Mar 8, 2015

PHP reference in foreach loop -- gotcha!

When I wrote PHP code similar to the following, I thought it was innocuous, but I was wrong.

  $arr = ['A', 'B', 'C', 'D'];

  foreach ($arr as $index => &$value) {
    $value = strtolower($value);
  }


  foreach ($arr as $index => $value) {
    . . .

  }

Besides lowercasing each string as intended, the last element of the array was overwritten by the next to last element, i.e. the array ended up with the values ['a', 'b', 'c', 'c'].

This happens consistently with any array with two or more elements. The last element is overwritten with the value preceding it.

Although I don't fully understand what's going on, I know that it has something to do with the use of the reference in the first foreach loop. After the first loop finishes executing, the variable $value continues to be a reference, and that leads to the unexpected behavior.

I have omitted the body of the second loop because it is irrelevant to the issue at hand.

There are at least three ways to fix this problem.

1)  In the second loop, use a different variable.

  foreach ($arr as $index => $item) {
    . . .

  }
 
2)  Unset the variable before using it further.

  unset($value);

3)  Use the variable as a reference also in the second loop, rather than a non-reference.

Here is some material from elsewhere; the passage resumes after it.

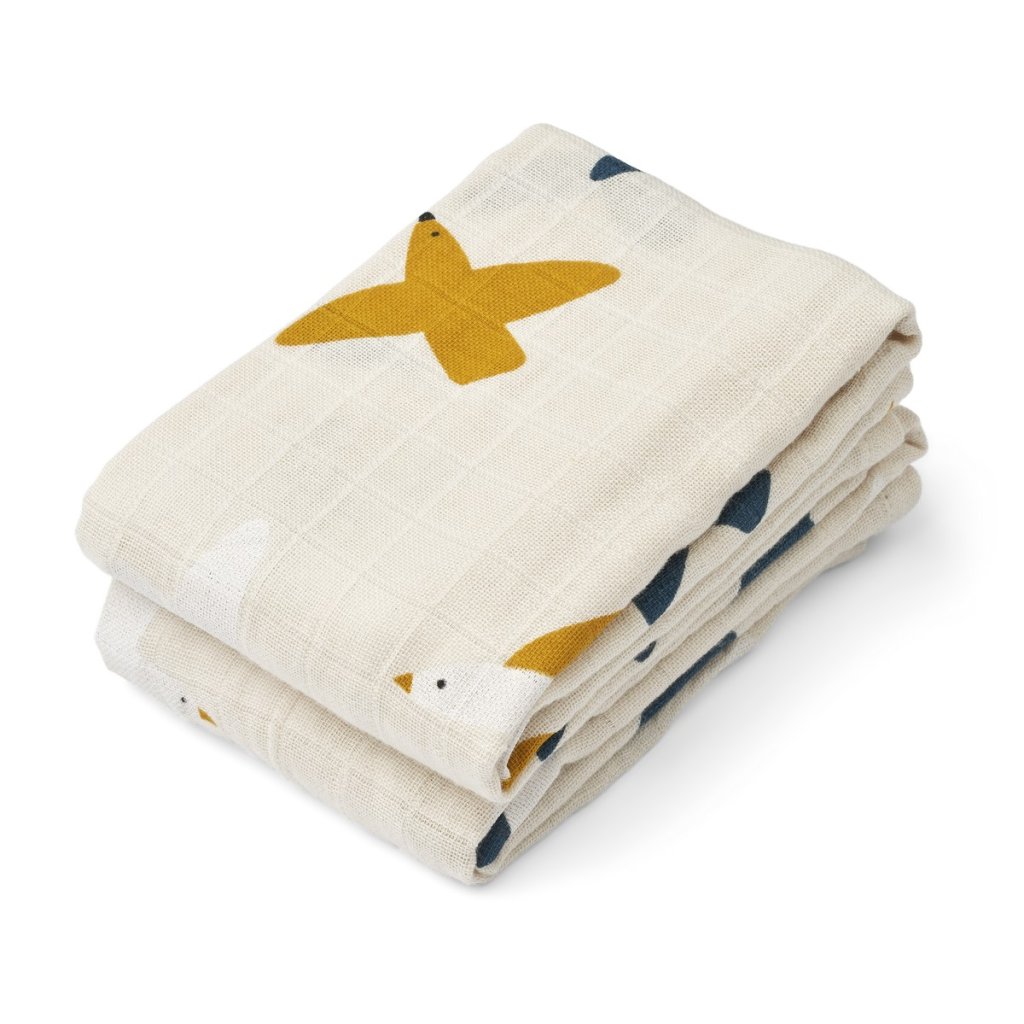 LIEWOOD Lewis Mušelinové plenky 2 ks Birds/Sea Shell

  foreach ($arr as $index => &$value) {
    . . .

  }

I don't find any of these fixes ideal, but all of them do eliminate the problem.

Source:

What References Do
http://php.net/manual/en/language.references.whatdo.php

2 comments:

  1. Do a search for "PHP foreach internal array pointer". And / or "internal array pointer" http://php.net/manual/en/control-structures.foreach.php.

    Not sure if this is related but perhaps of value?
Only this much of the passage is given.